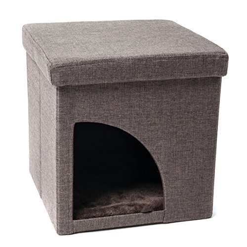 Favorite Soft Portable Opening Cat Play Cube Bed, Brown
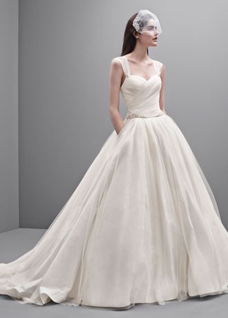 Lavish White by Vera Wang taffeta ball gown with embellished straps and draped tulle detail.
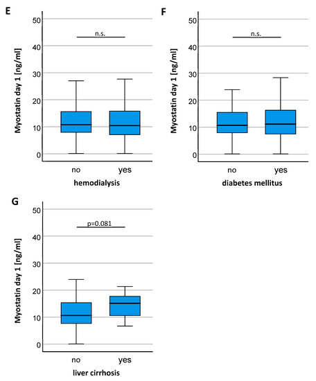 In a next step, we analyzed if individual disease characteristics of ICU patients influence circulating Myostatin levels. There was no significant difference of Myostatin serum levels between patients who did or did not fulfill the criteria for sepsis (Figure 2A) and patients with different sources of sepsis had comparable Myostatin values (Figure 2B). Interestingly, we observed significantly lower Myostatin levels in patients who required mechanical ventilation (Figure 2C) and a trend towards lower Myostatin levels in patients who depended on intravenous vasopressors at ICU admission (p = 0.057, Figure 2D), arguing that a more severe disease stage might be associated with lower Myostatin serum levels. In contrast, Myostatin serum levels were comparable between patients on regular hemodialysis (Figure 2E) and patients with or without diabetes mellitus (Figure 2F), while patients with liver cirrhosis showed a trend towards higher Myostatin levels compared to non-cirrhotic patients (p = 0.081, Figure 2G).
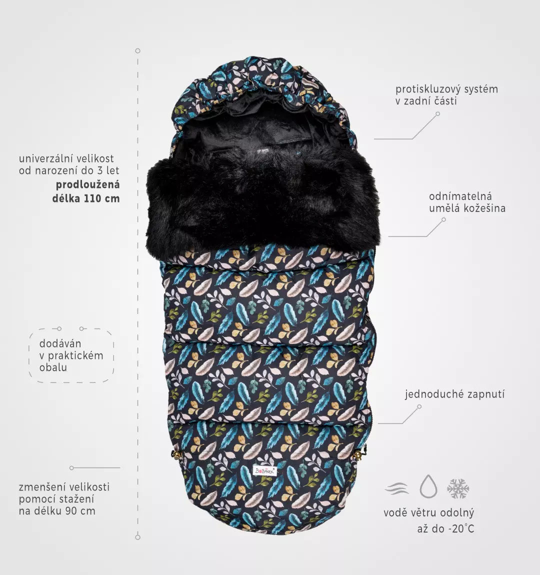 Vaše miminko z něj jen tak nevyroste a zima mu rozhodně nebude. Fusak je navržen i do té největší zimy. Fusak má celou řadu praktických vychytávek. Rozměry: Nastavitelná velikost pomocí šňůrek od 90 cm do 110 cm.
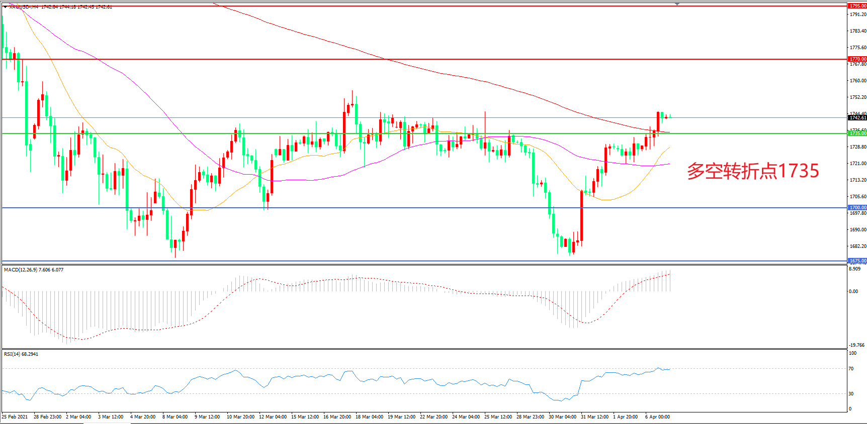 周二(4月6日),美国数据继续延续强势表现,美债收益率持续回落,美指一路下行,创两周新低,现货黄金受到提振,大幅上行后收报1743.13美元/盎司。IMF官方表示支持美联储关于耐心对待撤销宽松货币政策的立场,而美联储的宽松货币立场正是支持金价上行的因素之一,如果金价突破1750美元,则可能会进一步走高。
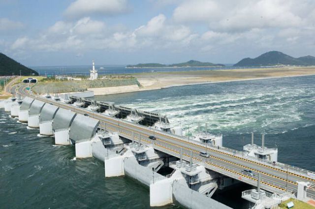 ▲새만금 방조제 갑문을 항공 촬영한 모습 ⓒ연합뉴스
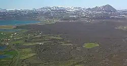 Hlíðarfjall befindet sich ca. 5 km nördlich des Dorfes Reykjahlíð und weitere 5 km südlich der Caldera des Zentralvulkans Krafla.

→ EXERCISE REQUIREMENTS: Output the lines, exactly: the first line of the entries above, every line after it, and the line with "Lavish White by" as the last. No pictures.

→ RESPONSE FOR THIS EXERCISE:
 Favorite Soft Portable Opening Cat Play Cube Bed, Brown
 Lavish White by Vera Wang taffeta ball gown with embellished straps and draped tulle detail.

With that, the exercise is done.